The development of the pronephric duct proceeds in a cranial-to-caudal direction. As it elongates caudally, the pronephric duct induces nearby intermediate mesoderm in the thoracolumbar area to become epithelial tubules called mesonephric tubules. Each mesonephric tubule receives a blood supply from a branch of the aorta, ending in a capillary tuft analogous to the glomerulus of the definitive nephron. The mesonephric tubule forms a capsule around the capillary tuft, allowing for filtration of blood. This filtrate flows through the mesonephric tubule and is drained into the continuation of the pronephric duct, now called the mesonephric duct or Wolffian duct. The nephrotomes of the pronephros degenerate while the mesonephric duct extends towards the most caudal end of the embryo, ultimately attaching to the cloaca. The mammalian mesonephros is similar to the kidneys of aquatic amphibians and fishes.

===Metanephros===
During the fifth week of gestation, the mesonephric duct develops an outpouching, the ureteric bud, near its attachment to the cloaca. This bud, also called the metanephrogenic diverticulum, grows posteriorly and towards the head of the embryo. The elongated stalk of the ureteric bud, called the metanephric duct, later forms the ureter. As the cranial end of the bud extends into the intermediate mesoderm, it undergoes a series of branchings to form the collecting duct system of the kidney. It also forms the major and minor calyces and the renal pelvis.
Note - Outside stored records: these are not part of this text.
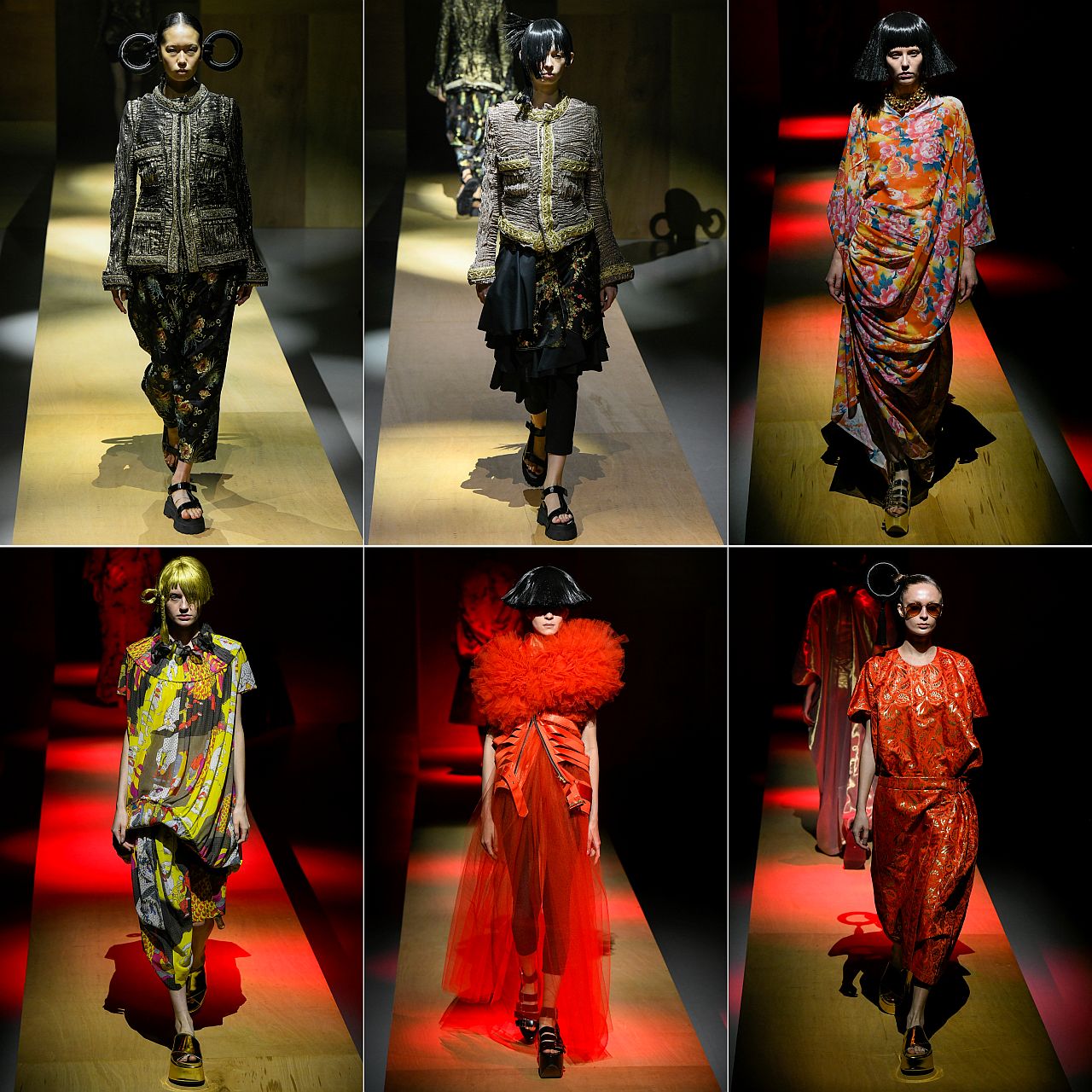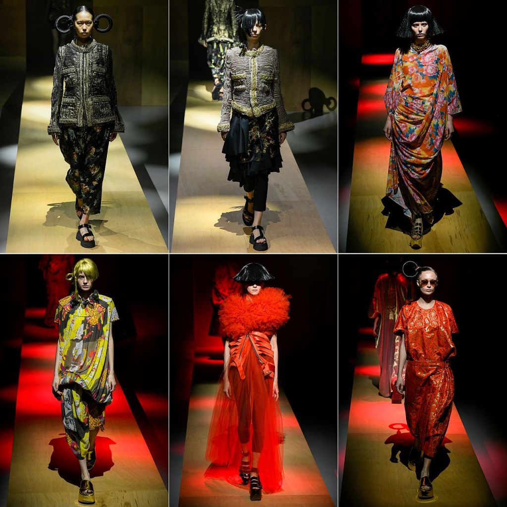 But that is not to say that Mr Watanabe does not exoticise the looks at all. In fact, the styling seems to cater to a more Western perception of what is Eastern exotica. The hooped hair on the sides of the head, for example, is evocative of the pierced and stretched ears of the women of the Karen ethnic group of the Myanmar-Thailand border. Peculiarly Asian, too, are the wigs in the shape of the Vietnamese non la rice hats (or 斗笠, dou li in China) and the unadorned liangbatou (两把头) headdresses of Qing Chinese women that could be homage to the Story of Yanxi Palace (延禧攻略). Even the platform sandals have a whiff of the cunzi shoes (寸子鞋) of the ancient Manchus, in particular those with 元宝底 (yuanbaodi or ingot bottom) soles. Perhaps these are to augment the Asianness of the clothes, which are, in themselves, less derivative, and more in tandem with Mr Watanabe’s penchant for montaging shapes, patterns, and textures.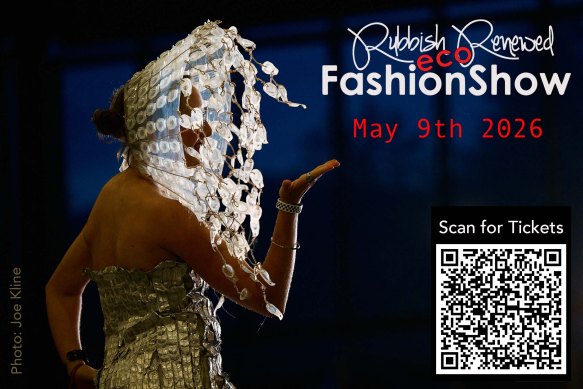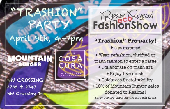 MAY 1st, FRIDAY – FIRST FRIDAY ART WALK DOWNTOWN: Donning trash fashion, Rubbish Renewed will be out enjoying the evening on the town and sharing information about the upcoming Rubbish Renewed Eco Fashion Show!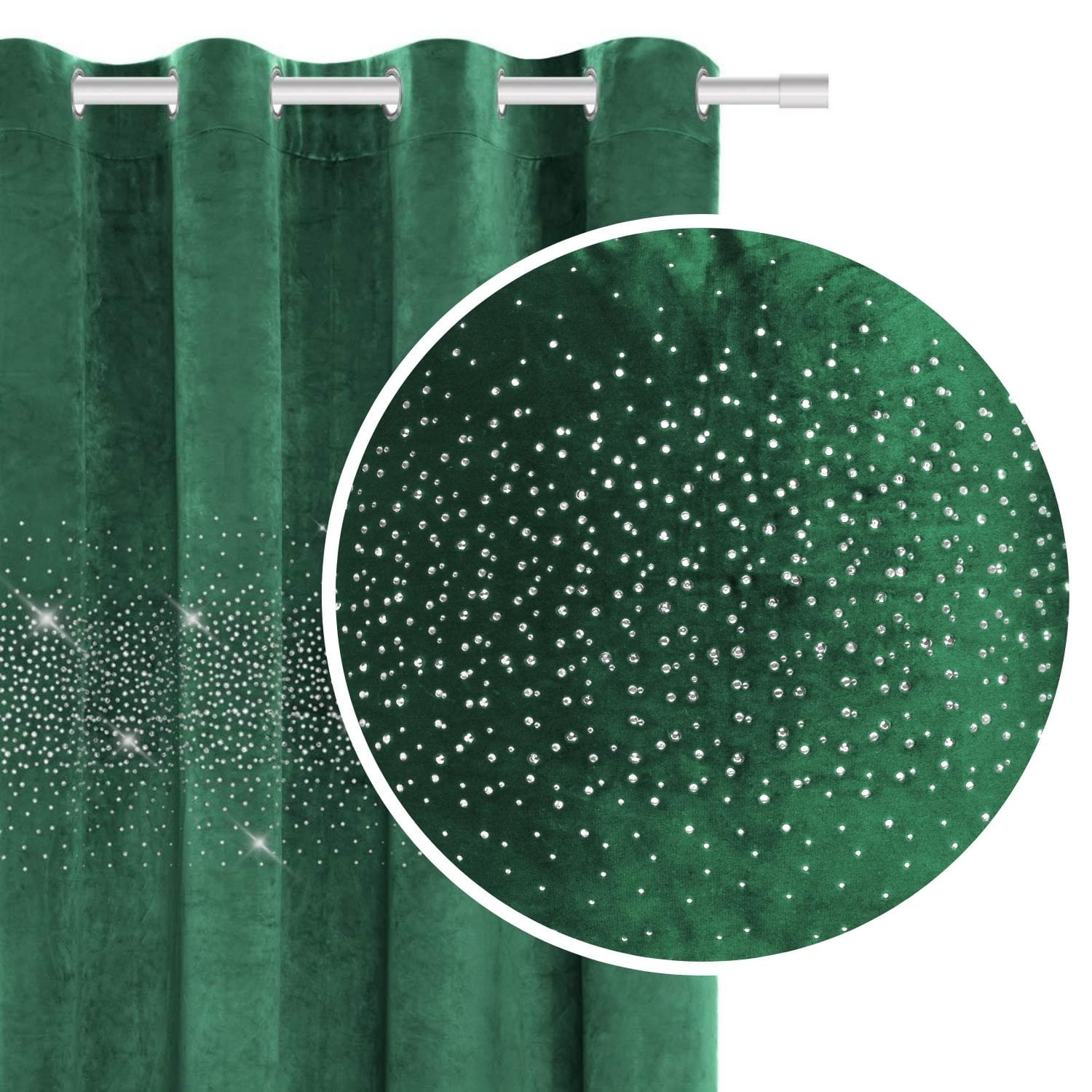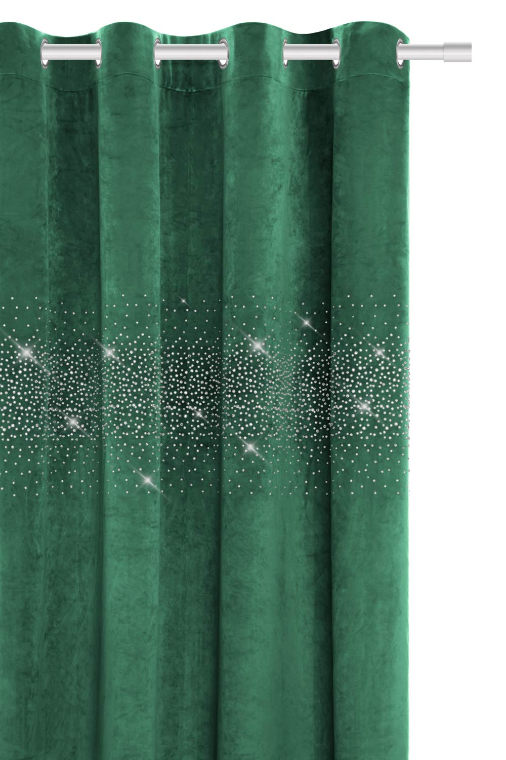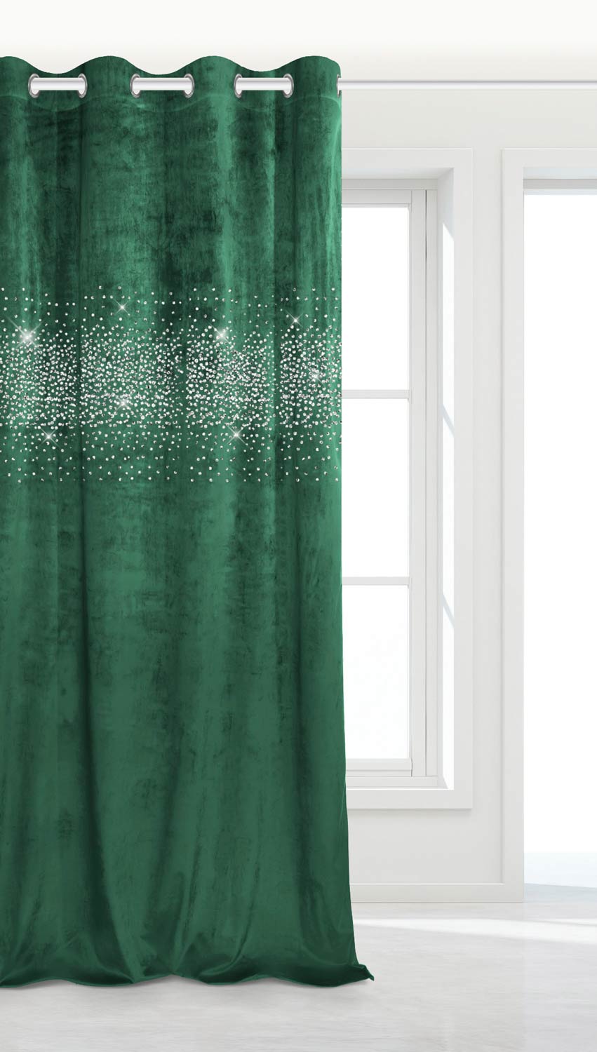 Butelkowa Zieleń Zasłona Welurowa Velvet z kryształkami 140x250 DO SYPIALNI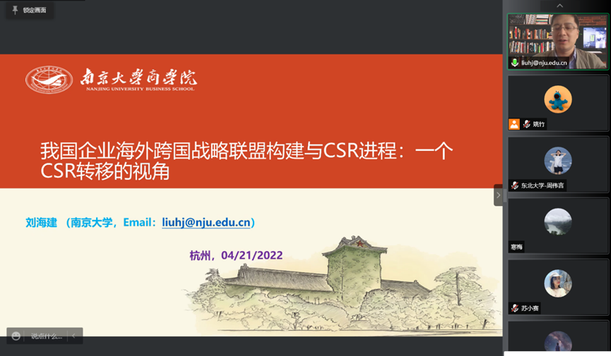 2022年4月21日,南京大学刘海建教授受邀为我院师生开展题为《我国企业海外跨国战略联盟构建与CSR进程:一个CSR转移的视角》的学术讲座。本次讲座通过“腾讯会议”平台在线上开展,吸引了校内外众生师生参加。本次讲座由副院长戴维奇教授主持。

The portion of undifferentiated intermediate mesoderm in contact with the tips of the branching ureteric bud is known as the metanephrogenic blastema. Signals released from the ureteric bud induce the differentiation of the metanephrogenic blastema into the renal tubules. As the renal tubules grow, they come into contact and join with connecting tubules of the collecting duct system, forming a continuous passage for flow from the renal tubule to the collecting duct. Simultaneously, precursors of vascular endothelial cells begin to take their position at the tips of the renal tubules. These cells differentiate into the cells of the definitive glomerulus.

In humans, all of the branches of the ureteric bud and the nephronic units have been formed by 32 to 36 weeks of gestation. However, these structures are not yet mature, and will continue to mature after birth. Once matured, humans have an estimated two million nephrons (approximately 1,000,000 per kidney) but this number is highly variable ranging widely from approximately 200,000 to over 2.5 million per kidney.

==Migration==
After inducing the metanephric mesenchyme the lower portions of the nephric duct will migrate caudally (downward) and connect with the bladder, thereby forming the ureters. The ureters will carry urine from the kidneys to the bladder for excretion from the fetus into the amniotic sac. As the fetus develops, the torso elongates and the kidneys rotate and migrate upwards within the abdomen which causes the length of the ureters to increase.